How to check nan values in pandas

Pandas is one of the best libraries in python used to work with data sets containing functions for analyzing, cleaning, exploring, and manipulating the given data. The definition of "Pandas" is a reference from both "Panel Data" and "Python Data Analysis" and was created by Wes McKinney in 2008.

Python with Pandas is used in many fields, including academic and commercial, finance, economics, Statistics, analytics, etc.

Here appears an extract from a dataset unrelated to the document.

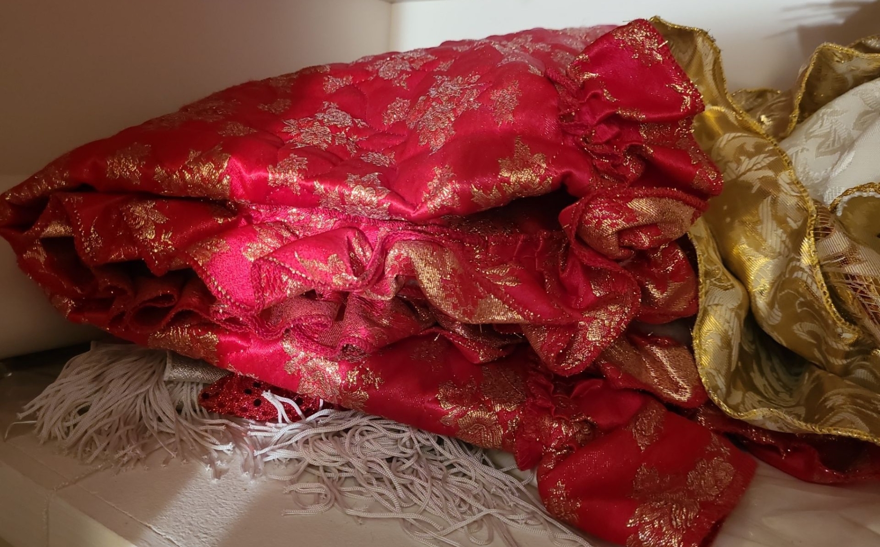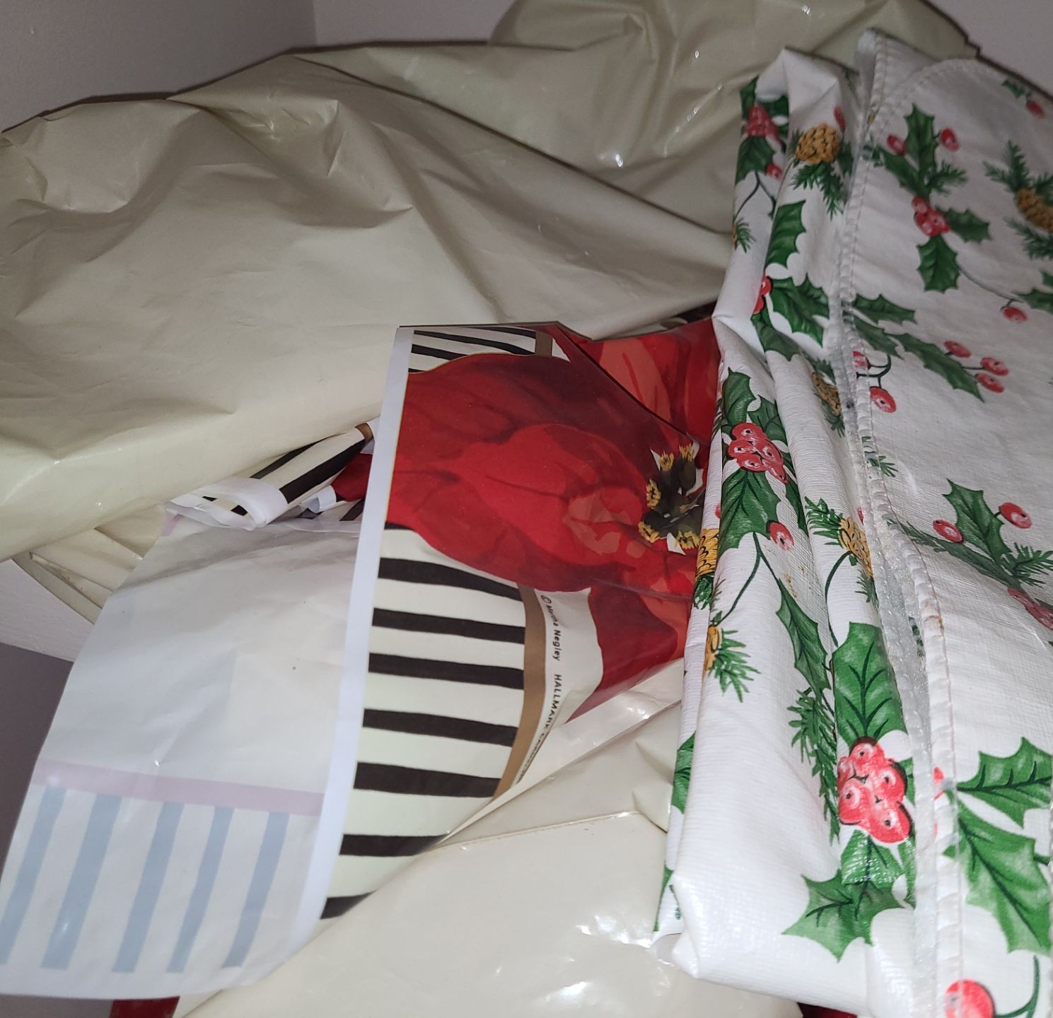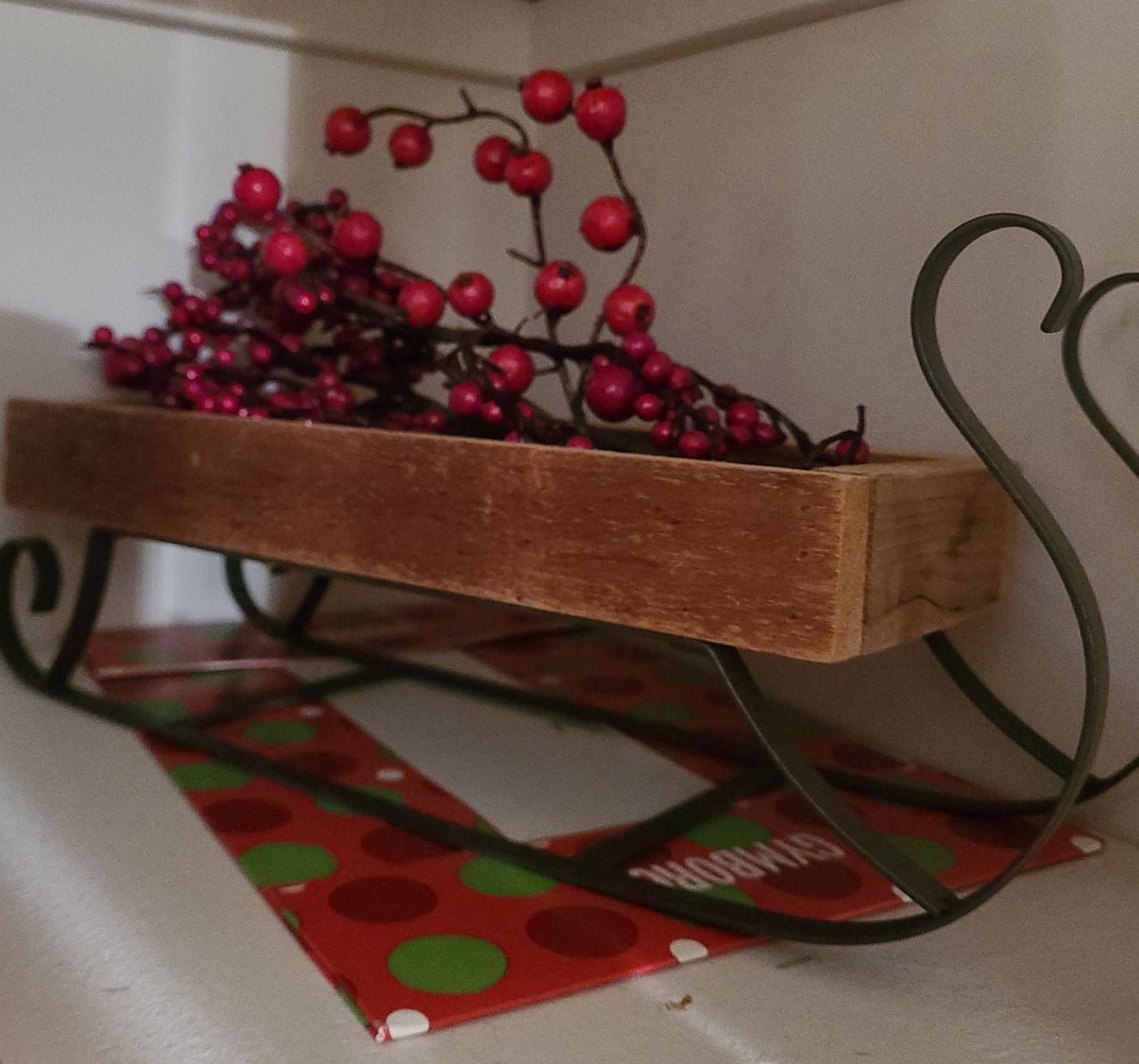 Assorted Holiday Table Decor: Tablecloths, Centrepiece Sled 5 W, 15 D, 6.5 T, Angel Topper and More!
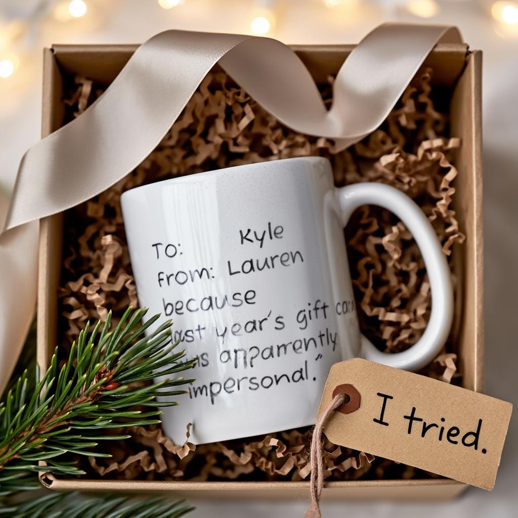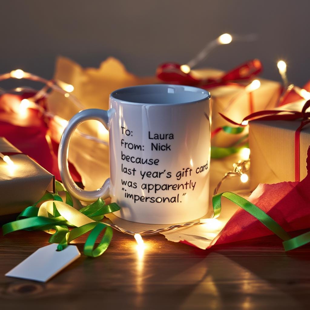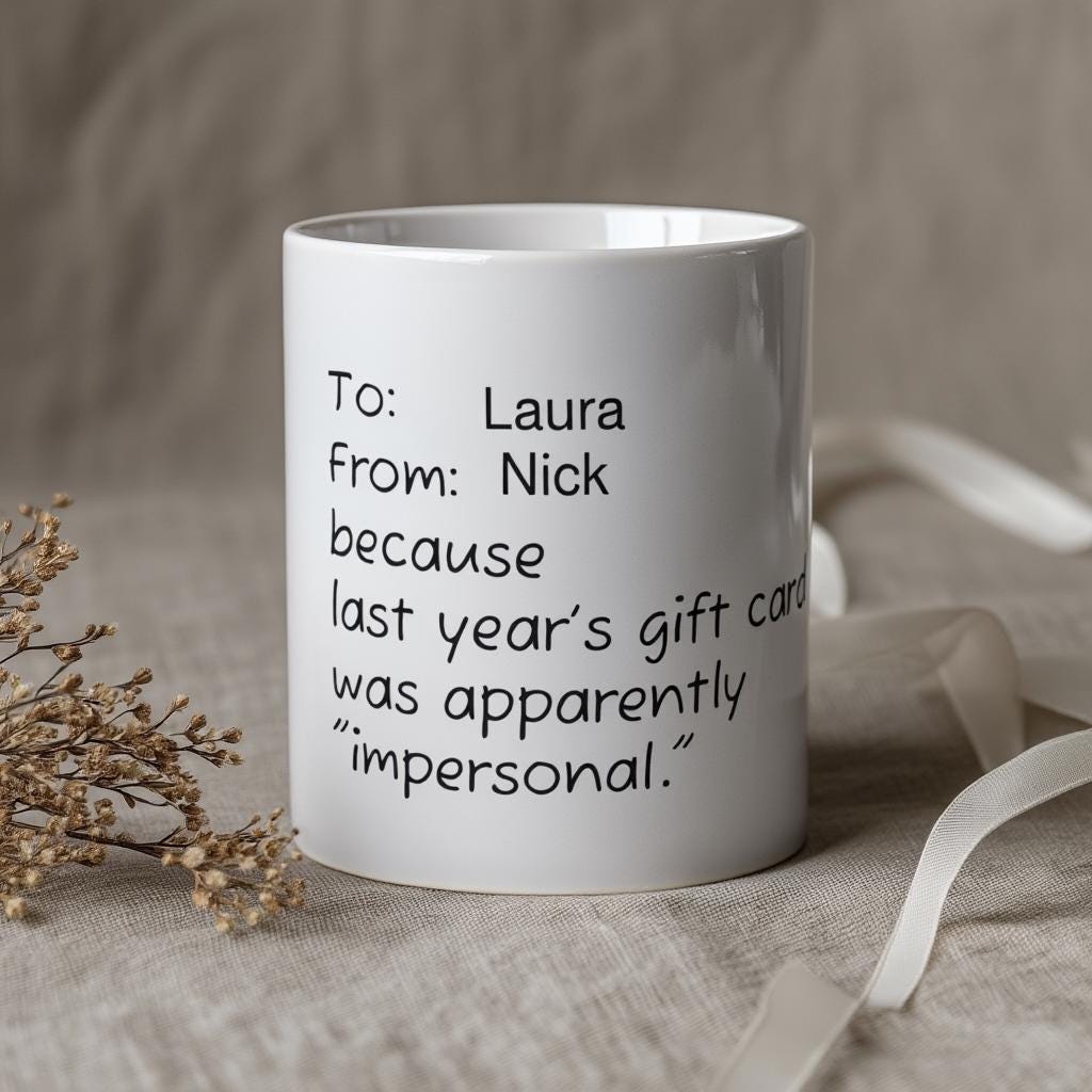 To: {Name} “From: {Name} — because last year’s gift card was apparently ‘impersonal.’”

Let us see how to check NAN values in Pandas.

NAN represents a missing value in the data, NAN- Not A Number. This is one of the special values (float) which cannot be converted to any other form, like an integer or string. Having a NAN will create a big problem in data analysis. So it is very important to check NAN values and clear them to get the required output. There are two methods used to check NAN values. They are

isnull().values.any() method
isnull().values.sum() method
now let us understand these methods

Method 1: isnull().values.any() method

In this method, we get the exact position of the NAN value present. We also have to import NumPy because we deal with numbers. We will look at an example code below.

Example

# importing required libraries
import pandas as pd
import numpy as np
 
 
num = {'Int': [15, 25, 35, 60, 55, np.nan,
                    75, np.nan, 95, 120, np.nan]}
 
# Creating the data frame
df = pd.DataFrame(num, columns=['Int'])
 
# using the method
check_nan = df['Int'].isnull().values.any()
 
# printing the result
print(check_nan)

Output

How to check nan values in pandas

In order to get the exact position of the NAN value, we use another command [ isnull()]

Example

# importing required libraries
import pandas as pd
import numpy as np
 
 
num = {'Int': [15, 25, 35, 60, 55, np.nan,
                    75, np.nan, 95, 120, np.nan]}
 
# Creating the data frame
df = pd.DataFrame(num, columns=['Int'])
 
# using the method
check_nan = df['Int'].isnull()
 
# printing the result
print(check_nan)

Output:

How to check nan values in pandas

Here instead of have all the code same we just changed df[‘Int’].isnull().values.any() into only df[‘Int’].isnull() to get the positions of the NAN values.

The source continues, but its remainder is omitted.